# Problem details
Take the lines below from the one with "Viften er 40cm, tiltbar, oscillerende" through the one with "Đồng hồ nam" and print only them, exactly. Don't print the pictures.

[Records for this task — start]

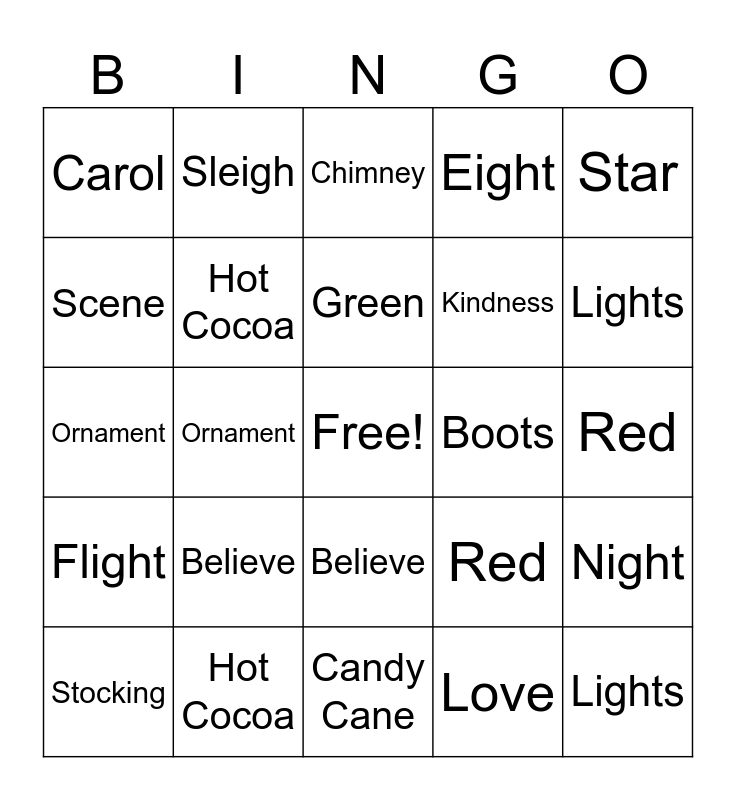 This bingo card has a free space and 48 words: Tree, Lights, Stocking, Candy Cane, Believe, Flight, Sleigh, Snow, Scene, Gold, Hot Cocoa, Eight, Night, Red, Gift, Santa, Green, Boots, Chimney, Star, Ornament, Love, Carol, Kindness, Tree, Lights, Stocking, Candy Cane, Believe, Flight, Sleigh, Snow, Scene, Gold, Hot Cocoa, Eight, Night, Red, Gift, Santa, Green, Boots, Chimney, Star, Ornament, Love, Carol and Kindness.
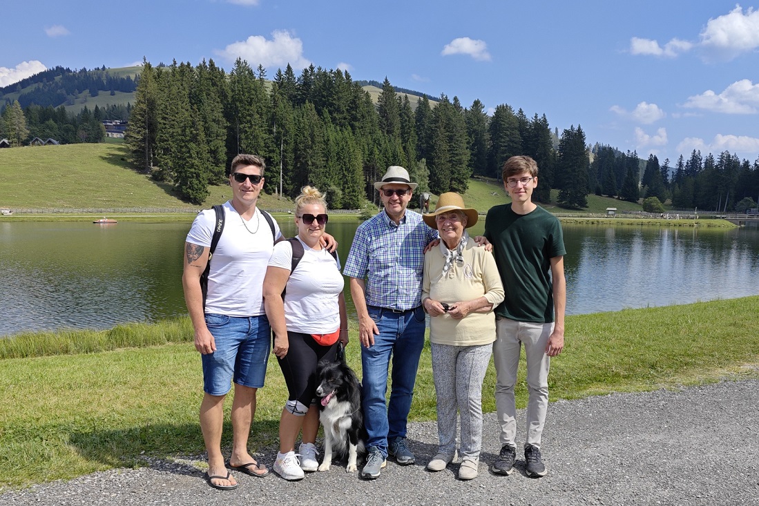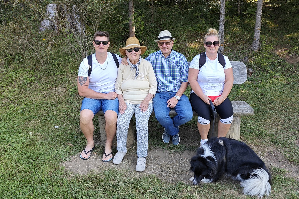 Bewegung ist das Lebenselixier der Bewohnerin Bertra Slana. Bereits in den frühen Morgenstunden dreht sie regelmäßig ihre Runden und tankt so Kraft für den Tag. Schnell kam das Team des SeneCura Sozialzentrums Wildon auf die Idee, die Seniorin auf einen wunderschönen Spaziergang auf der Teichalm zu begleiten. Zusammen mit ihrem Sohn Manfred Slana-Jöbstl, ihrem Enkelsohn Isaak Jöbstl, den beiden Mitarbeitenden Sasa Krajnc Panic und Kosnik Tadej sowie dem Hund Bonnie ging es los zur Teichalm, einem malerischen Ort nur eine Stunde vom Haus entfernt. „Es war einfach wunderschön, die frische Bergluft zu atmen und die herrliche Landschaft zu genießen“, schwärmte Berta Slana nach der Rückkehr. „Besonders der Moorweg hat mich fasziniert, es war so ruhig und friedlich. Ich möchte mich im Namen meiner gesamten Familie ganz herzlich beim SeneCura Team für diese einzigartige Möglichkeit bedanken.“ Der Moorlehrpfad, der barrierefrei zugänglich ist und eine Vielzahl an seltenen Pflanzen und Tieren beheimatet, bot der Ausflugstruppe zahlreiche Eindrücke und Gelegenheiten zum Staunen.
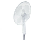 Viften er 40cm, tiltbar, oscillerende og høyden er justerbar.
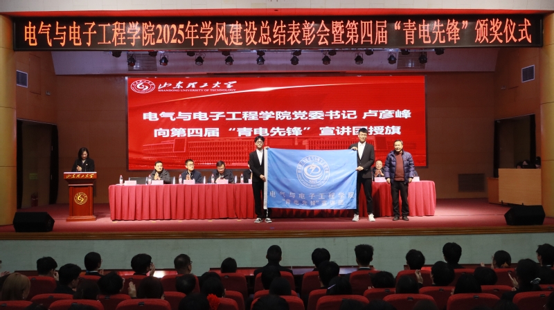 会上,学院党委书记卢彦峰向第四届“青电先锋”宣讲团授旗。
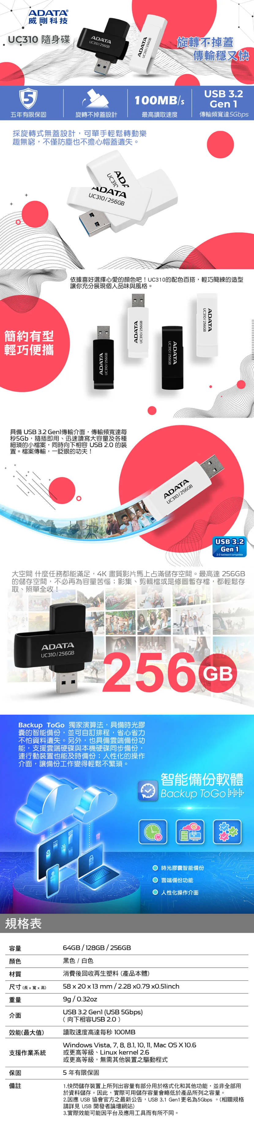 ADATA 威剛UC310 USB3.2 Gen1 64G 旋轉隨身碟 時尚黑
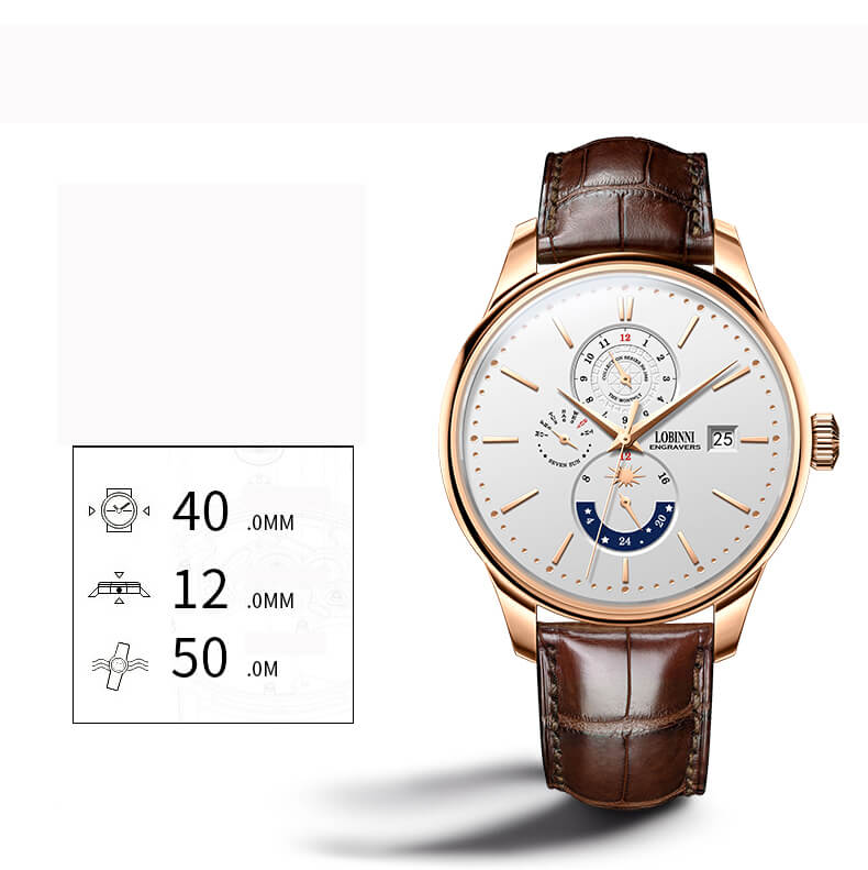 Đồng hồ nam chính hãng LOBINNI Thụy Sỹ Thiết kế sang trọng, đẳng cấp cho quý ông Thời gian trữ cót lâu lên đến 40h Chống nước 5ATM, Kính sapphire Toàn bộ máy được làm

[Records for this task — finish]
[Records for this task — start]

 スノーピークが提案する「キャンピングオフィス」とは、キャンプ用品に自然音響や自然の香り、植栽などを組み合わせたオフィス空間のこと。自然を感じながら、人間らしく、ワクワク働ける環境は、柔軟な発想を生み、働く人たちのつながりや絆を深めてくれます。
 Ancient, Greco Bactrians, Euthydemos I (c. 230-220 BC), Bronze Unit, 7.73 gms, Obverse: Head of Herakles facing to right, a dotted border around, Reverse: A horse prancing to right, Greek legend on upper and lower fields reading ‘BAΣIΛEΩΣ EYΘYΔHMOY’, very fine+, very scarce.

[Records for this task — finish]

# Answer to the problem
 Viften er 40cm, tiltbar, oscillerende og høyden er justerbar.
 会上,学院党委书记卢彦峰向第四届“青电先锋”宣讲团授旗。
 ADATA 威剛UC310 USB3.2 Gen1 64G 旋轉隨身碟 時尚黑
 Đồng hồ nam chính hãng LOBINNI Thụy Sỹ Thiết kế sang trọng, đẳng cấp cho quý ông Thời gian trữ cót lâu lên đến 40h Chống nước 5ATM, Kính sapphire Toàn bộ máy được làm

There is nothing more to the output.